Раничев покивал головой:
– Так, а я-то при чем? Что, тоже пойду с вами в Индию?
– Вряд ли… Думаю, насчет тебя у великого эмира совсем другие планы. Впрочем, ты их завтра узнаешь. Эмир желает видеть тебя утром.
– Что ж, – усмехнулся Иван. – А вот я, наверное, и вовсе не желал бы видеть его, особенно при таких вот условиях.
Ближе к ночи Тайгай ушел. Скакнул в седло иноходца, золотисто-каурого, такой же масти, как и конь Тамерлана, кликнул ждущих во дворе слуг – и был таков. Только стук копыт загремел по булыжникам мостовой, затихая у Регистана.

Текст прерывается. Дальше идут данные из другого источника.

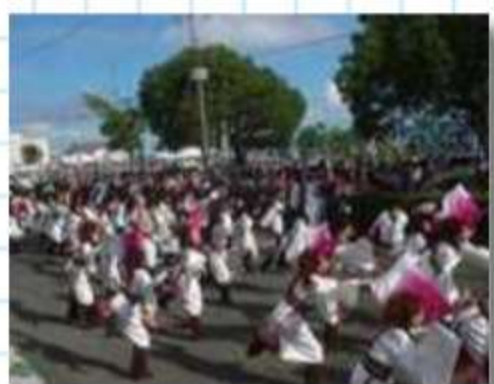
艶やかな華が会場いつ ぱいの夜宵
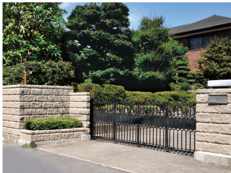
200(スモークブラウン)
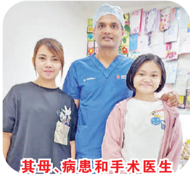
其母、病患和手术医生
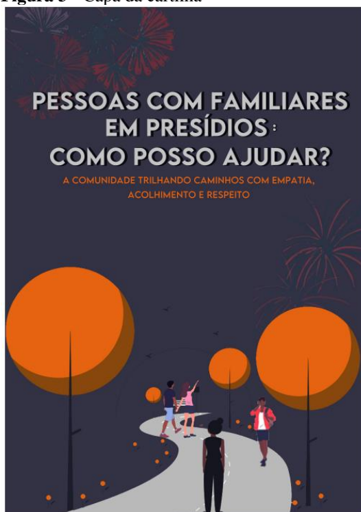
Figura 3 - Capa da cartilha
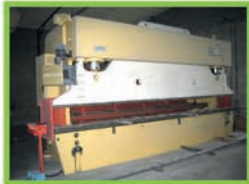
Presse-plieuse COLLY 3014 6000 x 300 T
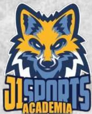
Academia J1 (Jandira - SP)
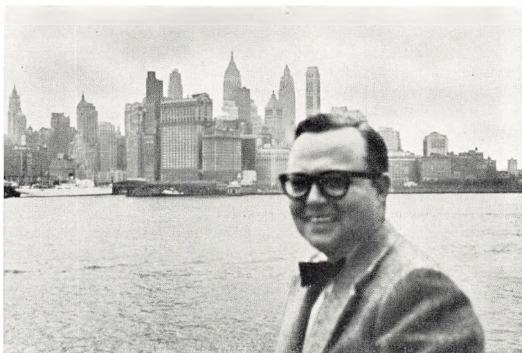
Indsejling til New York

Selve undervisningsformen er friere end i Danmark; der kræves gennemgående ikke noget videre af eleven i retning af eksakt viden, så de forskellige kollegier og universiteter jamrer til stadighed over, at eleverne er for dårligt udrustede, når de møder op og skal tage fat på studierne. Selve undervisningen er derfor lagt mere elementært an de første universitetsår, således at en amerikansk student egentlig først er parat til at tage fat på sit fagstudium efter to-tre års indledende kurser.
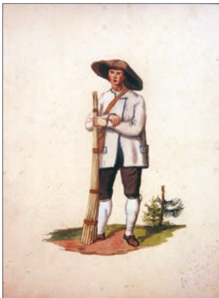
Goldensteinova upodobitev možaka iz Skopega pri Komnu na Krasu s šopom bičevnikov v roki, iz leta 1838 (Dokumentacija SEM).
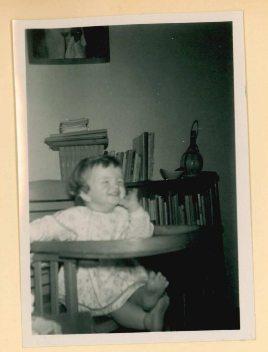
Juli 58 Zomaar....
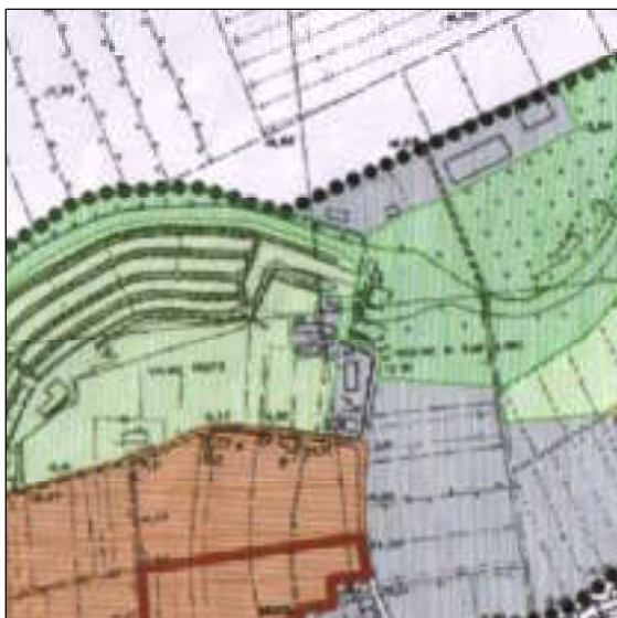
Piano Ambientale Vigente - scala 1:10.000
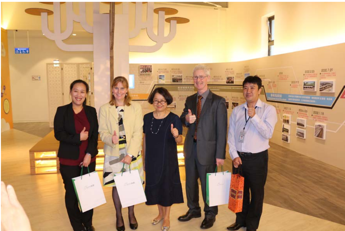
(上圖：澳洲駐台辦事處來訪)
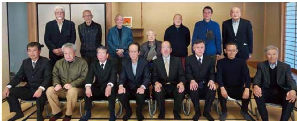
座談会に出席された佐伎治神社の赤坂宮司と新旧氏子総代・関係者の方々

本紙では、今後「高浜七年祭」に向けて、インタビューなども交え数回にわたり特集していく予定です。
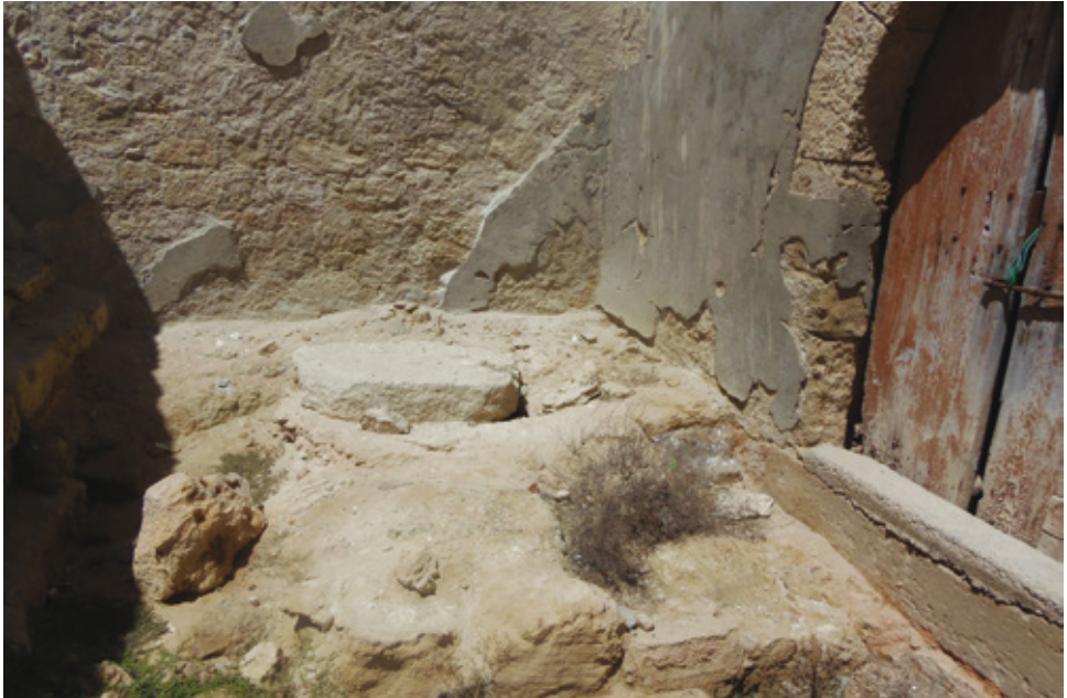
Εικ. 6. Στόμιο πηγαδιού σφραγισμένο με λίθινη πλάκα, στη νοτιοδυτική εξωτερική πλευρά του παρεκκλησίου (Α. Φούλιας, 2019).
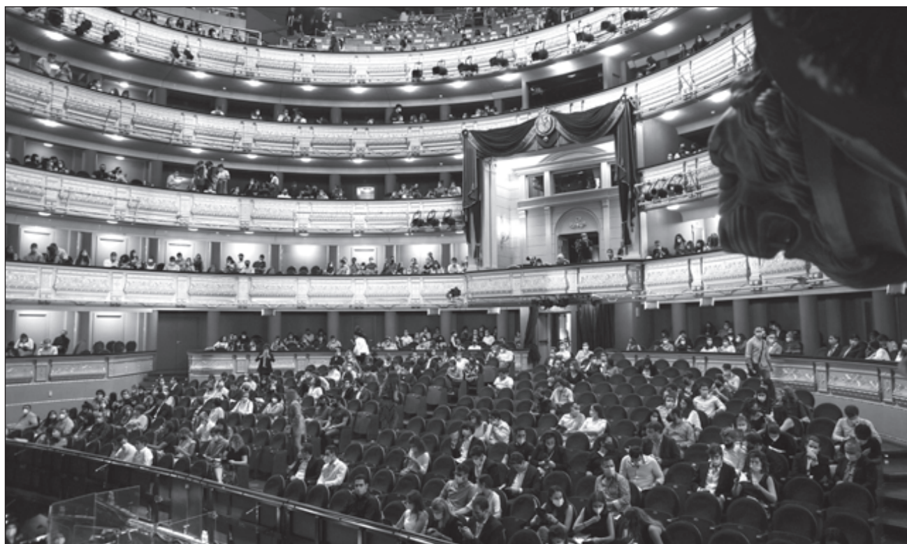
▲ Para la función, se habían vendido 905 entradas; menos del 50% del aforo del Teatro Real, respetando a rajatabla las medidas sanitarias para evitar contagios de COVID-19.

Se apagaron las luces, entró el director musical, el italiano Nicola Luisotti, cuando una veintena de personas, situada en el anfiteatro, empezó a gritar sin tregua suspensión y seguridad. La protesta, que duró más de una hora, provocó la primera cancelación de una función en la historia del Teatro Real, que además coincidía con el recuento del tenor mexicano Ramón Vargas con el público madrileño, en el papel de Riccardo, en Un ballo in maschera , de Giuseppe Verdi.
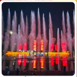
น้ำพุคังปาซี

• โอโหล้ เป็นทรายเสียงชาวนา แหล่งท่องเที่ยวระดับ 5A ของจีน ภูเขาไฟอุลันฮาตา น้ำพุคังปาซี น้ำพุที่สูงที่สุดในเอเชีย

Утром пришли посланцы эмира. Раничев уже ждал их, облаченный в богатые одежды, что были заранее приготовлены в доме.
– Повелитель желает видеть тебя немедля. – Войдя в дом, учтиво поклонились посланцы – довольно молодые еще вельможи в зеленых чалмах и блестящих панцирях, украшенных изящным чеканным узором. – Конь ждет тебя, почтеннейший господин Ибан.
– Хорошо, – приняв соответствующий ситуации вид, важно кивнул Раничев. – Тогда едем, и пусть Аллах будет милостив ко всем нам.
– Нет Бога, кроме Аллаха, а Мохаммед – пророк его! – хором откликнулись посланцы.

 

Во дворце правителя, щедро украшенном голубыми изразцами и золоченой арабской вязью, их уже ждали. Управитель – морщинистый ушастый старик в золоченой одежде и с украшенным драгоценными камнями посохом – торжественно проводил Ивана в небольшую комнату с обитой зеленым шелком софою, приемную, где и велел ждать.
– Ждать так ждать. – Раничев пожал плечами. – Дело привычное.
Ожидание, впрочем, затянулось не долго. Не успел Иван по-хозяйски вытянуть на софе обутые в красные сапоги ноги, как в приемную заглянул все тот же ушастый старик и сделал нетерпеливый жест рукою – пошли, мол.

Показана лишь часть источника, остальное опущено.